Blizzard's Pardo suspects next-gen will be "the last" for traditional consoles

Next-gen consoles, whether the hardware will be called PS4 or Xbox 720 is anyone's guess, will be the last of the "traditional" boxes according to many industry folks, and Blizzard's Rob Pardo suspects the same as well.

Speaking in a wide-ranging interview with GI International, the executive vice president of game design and lead designer on World of Warcraft thinks there will always be consoles of some sort - they'll just evolve into "something new" once next-gen systems have reached the end of their lifecycle.

"We're certainly on the cusp of a lot of change; it's just a matter of how and when it all changes," said Pardo. "I don't view myself as a prophet; my guess is as good as anyone else's out there. The big question is: Is this upcoming console generation going to be as successful as the last one? Tablets are getting more and more popular, mobile's getting popular. The computing and graphics power in those systems are really going to catch up rapidly.

"Are people going to go out and pay $300 plus for a gaming system that plugs into their TV the way the last generation did? I personally think the answer is yes for one more generation. I still think that the console systems will have enough of an advantage, and people are still used to buying them as a consumer product.
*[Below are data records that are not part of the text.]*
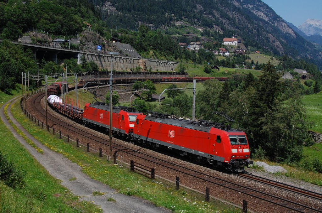 185 107-0 und 185 104-7 durchfuhren am 24.07.2012 mit einem langen gemischten Güterzug die bekannte "Wattinger Kurve" auf der Gotthardstrecke kurz vor Wassen.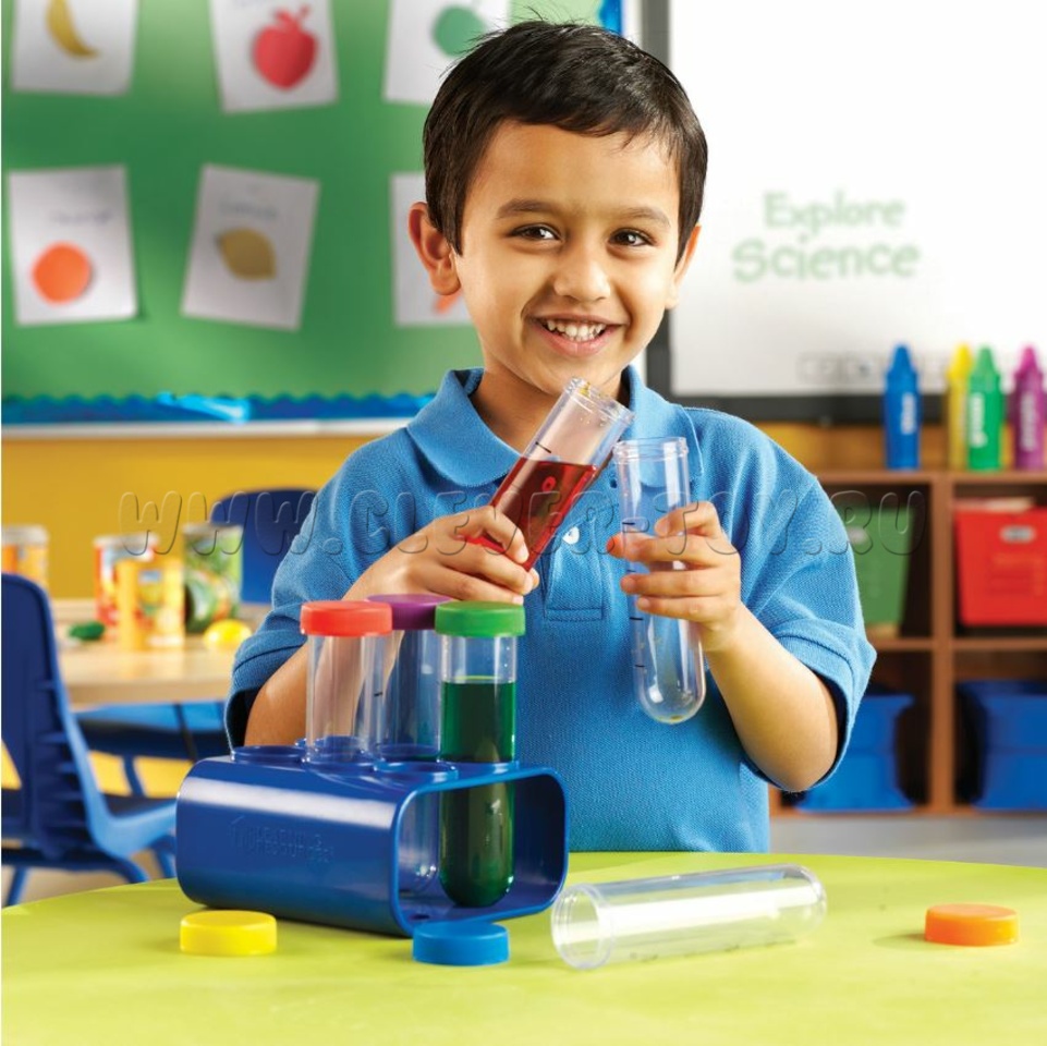 Эксперименты по смешиванию жидкостей и сыпучих веществ с таким оборудованием дадут не только новые знания, но и сделают процесс исследовательской деятельности в детском саду эстетичным и безопасным (пластмассовые пробирки безопасны при температурах от -12° до 93°С).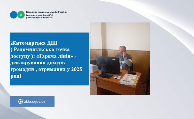 У Житомирській ДПІ ГУ ДПС в Житомирській області ( Радомишльська точка доступу ): відбувся сеанс телефонного зв’язку «гаряча лінія» на тему: «Особливості декларування доходів громадян, отриманих у 2025 році» за участю ГДІ Сергія Кисельчука.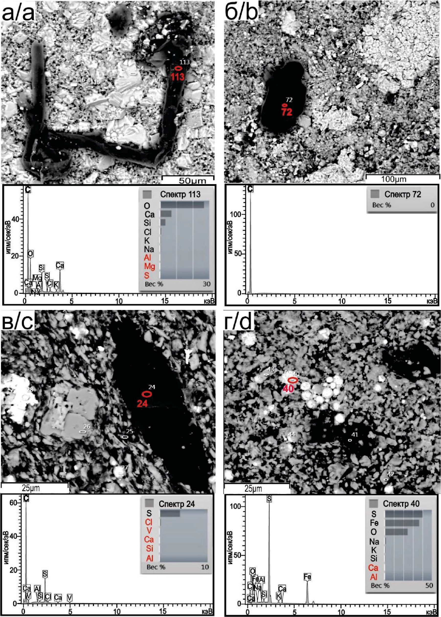 Fig. 5. Оrganic matter (images in the BSE with the results of X-ray spectral microanalysis): a) well-preserved filiform fragment of cyanobacterial plankton; b) carbonized remnant without admixtury elements; c) lenticular segregation of colloalgenite; d) finely ground cyanobacterial detritus in association with framboidal pyrite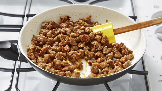Step2Meanwhile, in 10-inch skillet, cook sausage over medium-high heat 5 to 8 minutes, stirring occasionally, until no longer pink; drain.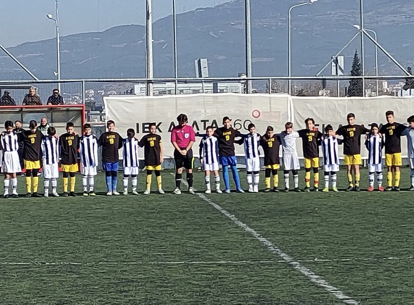 Αγκαλιασμένα σύσσωμα, τα παιδιά του Άρη και του ΠΑΟΚ σε αγώνα της Κ13 κρατούν ενός λεπτού σιγή στη μνήμη του Άλκη.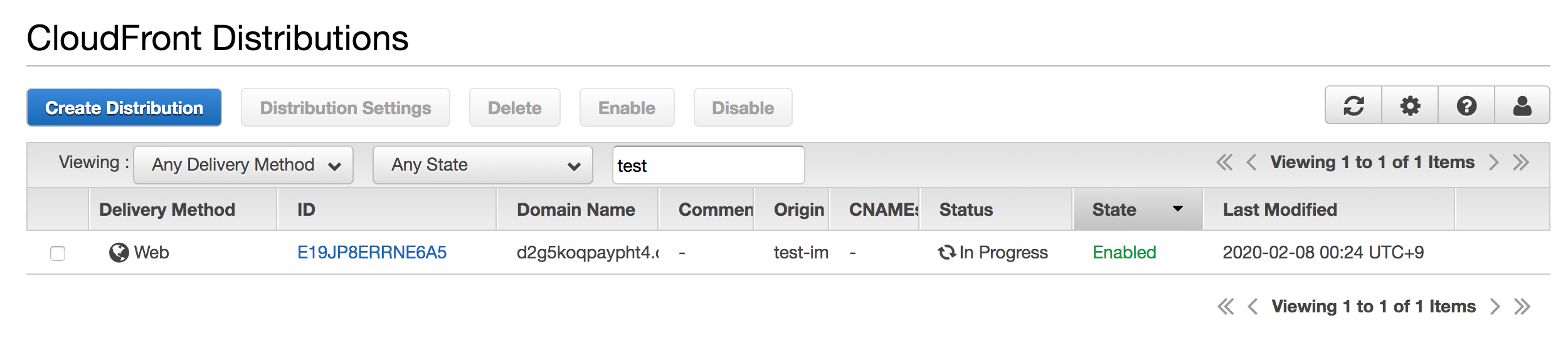 CloudFront로 돌아가면 'In Progress' 상태로 변경됩니다.
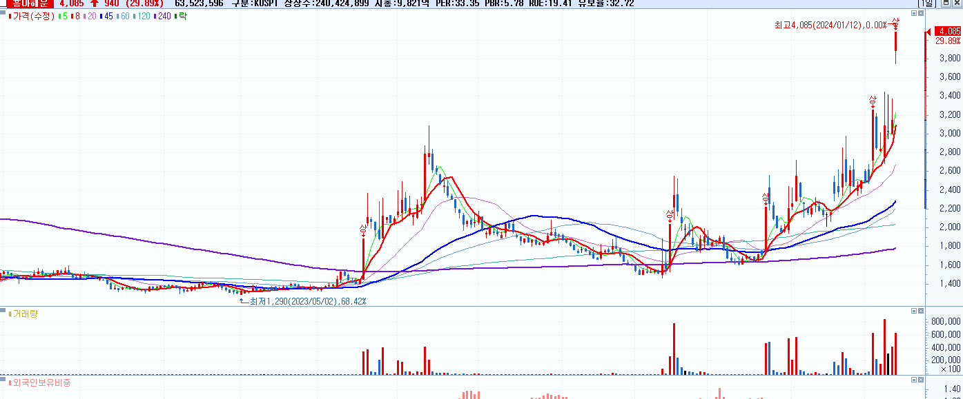 시총: 3,379억 거래량: 2,816,666 거래대금:778억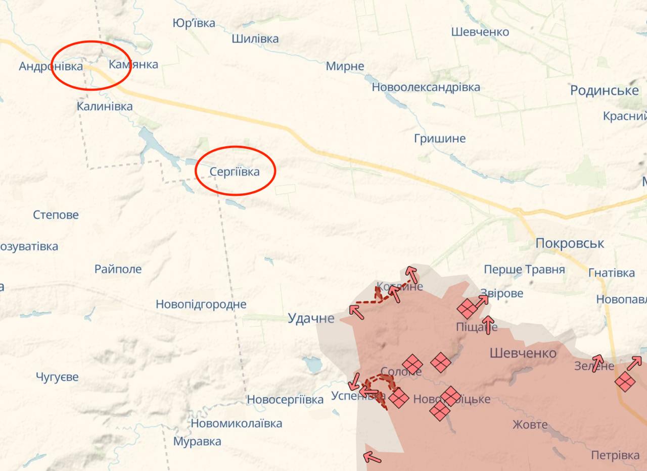 Російські війська перерізали залізничний шлях між Удачним і Котлиним і рухаються в напрямку Сергіївки, від якої до кордону Дніпропетровської області - приблизно 3 км. До цього населеного пункту вже долітають ФПВ-дрони.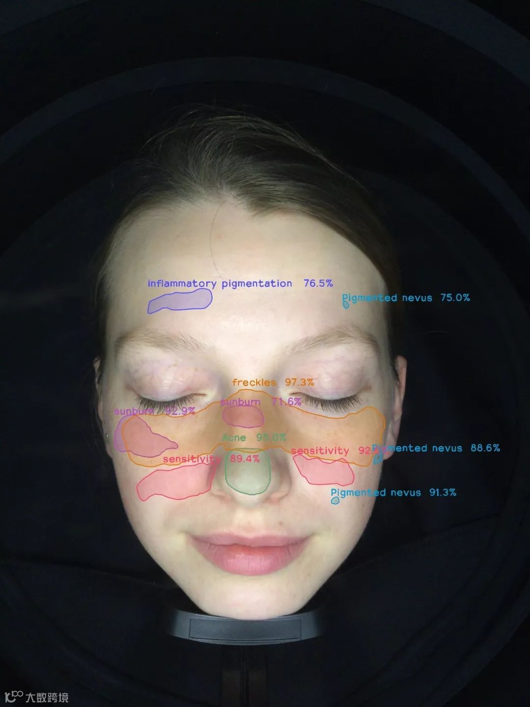 识别面部粉刺分布以及数量,并通过日光图、伍氏图进行具象化体现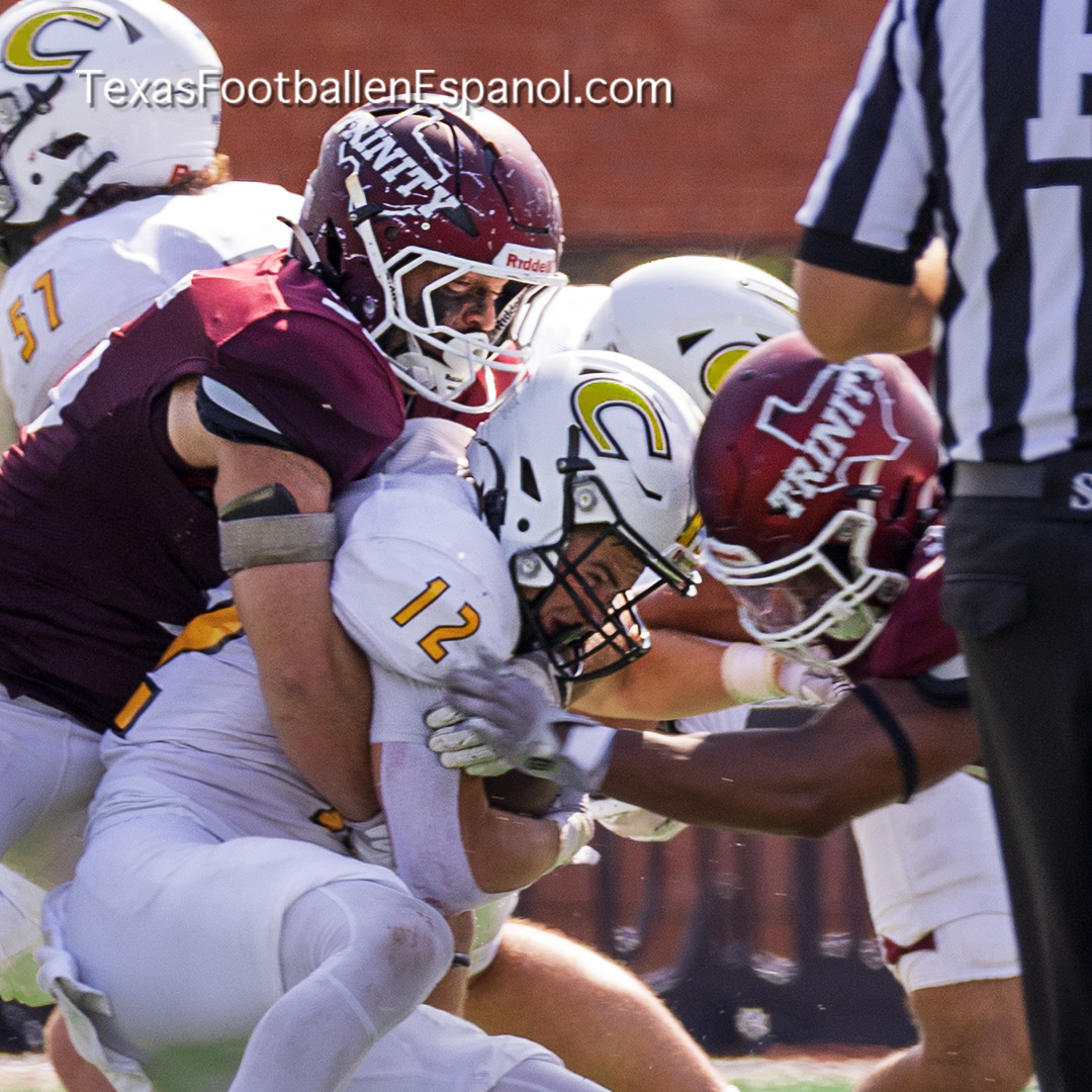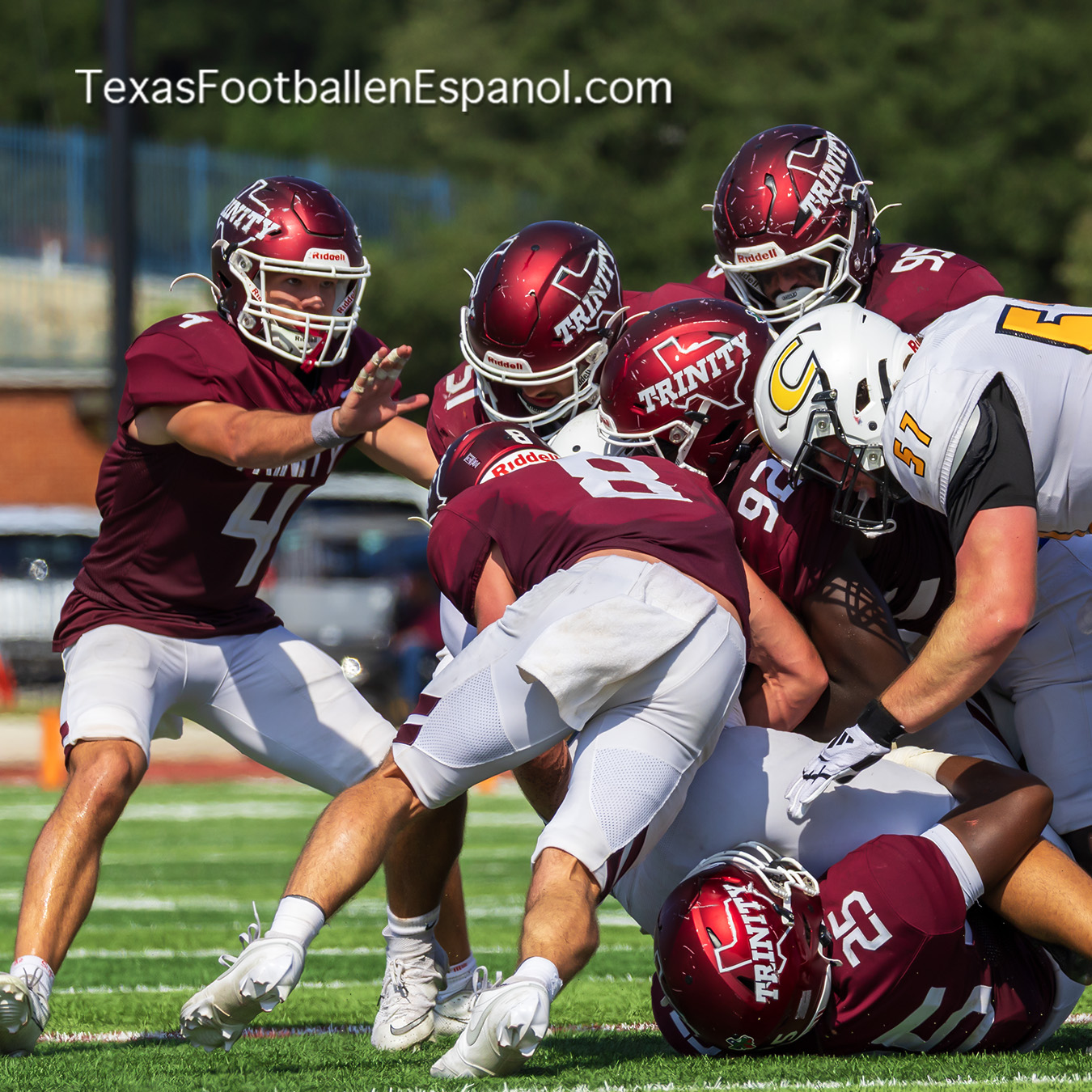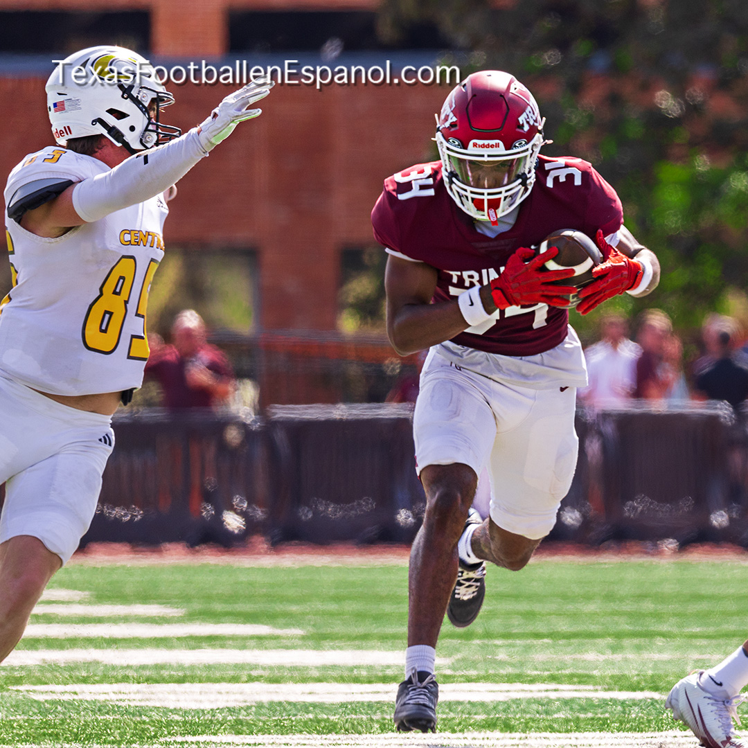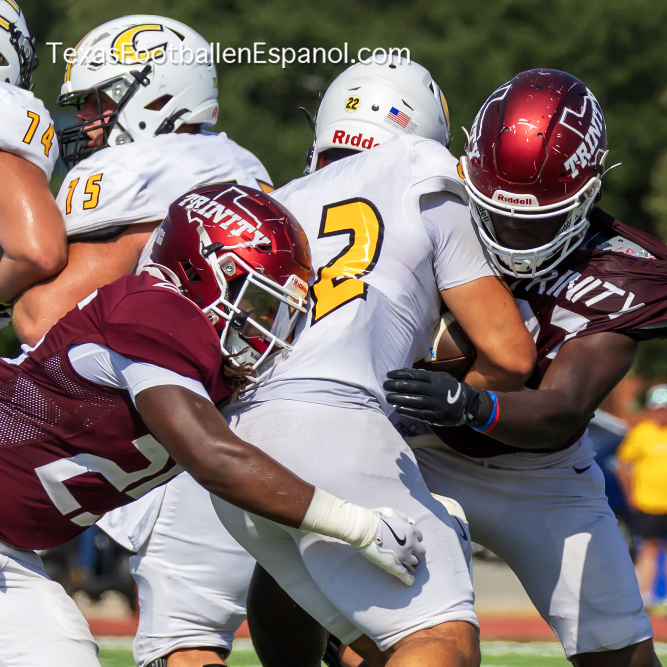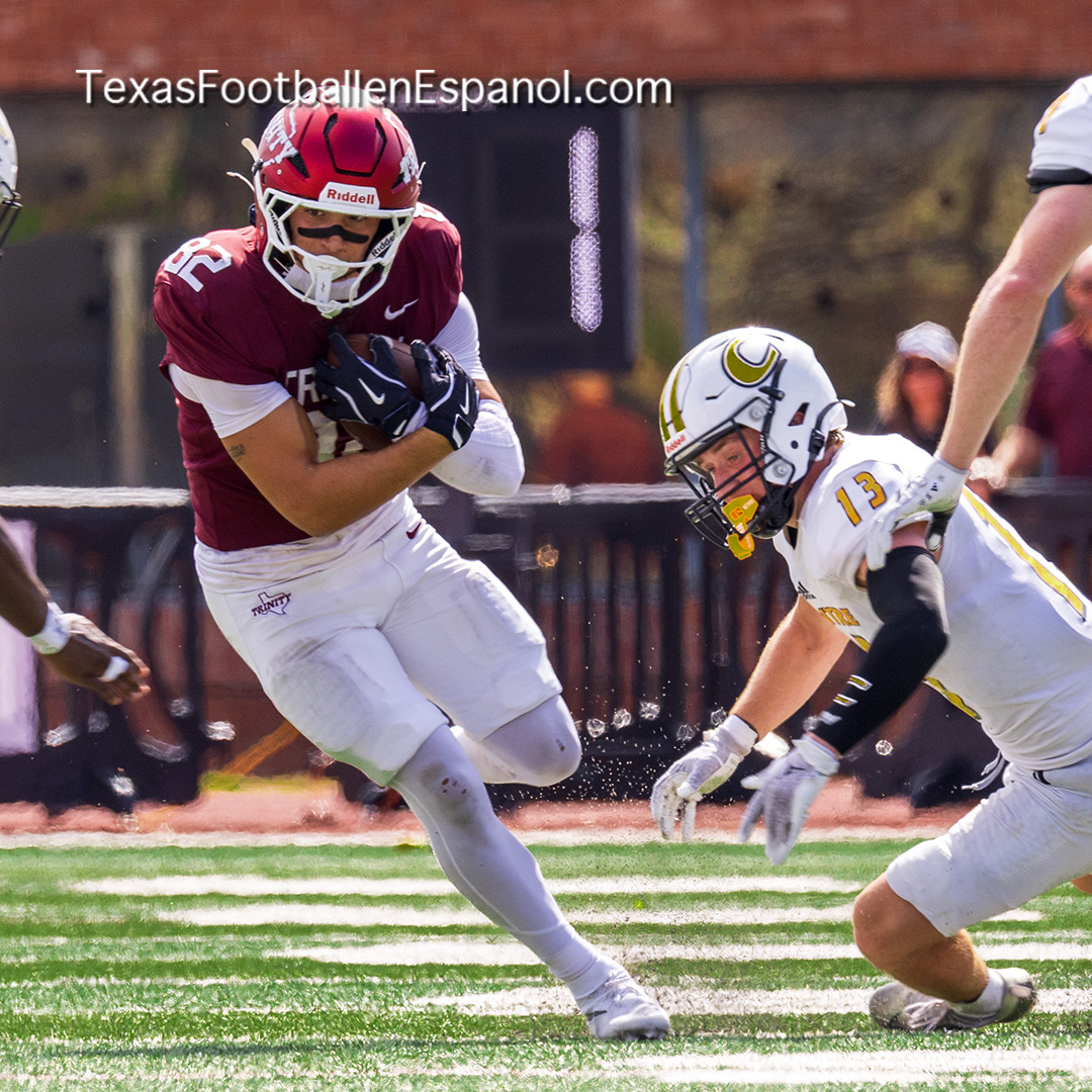 Trinity put up 389 total yards. This included a bruising 224 on the ground. They held Centre to just 210 total yards — and only 27 rushing.

They'll be able to deliver really good games that I don't think you can experience yet on tablets.

"I wouldn't be surprised if this is the last traditional console generation and it evolves into something new after that."

Pardo believe tablets could affect gaming in the future once manufacturers overcome the computing power, but he's worried input devices will suffer.

"The idea of using a gamepad or a plastic guitar or any of those sort of input devices... I really worry when those don't exist any more," he said. "The input device, more than anything, is what drives the different types of games that are out there. If you think about back in the day when flight simulators were really popular, fifteen or twenty years ago, when people stopped wanting to buy $100 joysticks you saw that whole genre disappear.

"I think it would be really sad if the only kind of games we could interact with in the future will be touch-based games. I love touch-based games, I also love other types of games too.

"You can still buy joysticks and gamepads for the PC, there's just not enough people to do it. If you're a publisher or a game maker, do you want to make a game that requires this peripheral that consumers don't already have as an installed base?

"Unless you have a game or software that gets people to buy it, like something on the level of Guitar Hero, then you can get people to go out and buy the peripherals."

No matter what form of hardware comes next through, Pardo said it's the game developers which drive innovation, because consoles sales are "driven as much by the games that are on it," as much as what's inside the box.

"Software is ultimately what drives the industry," he said.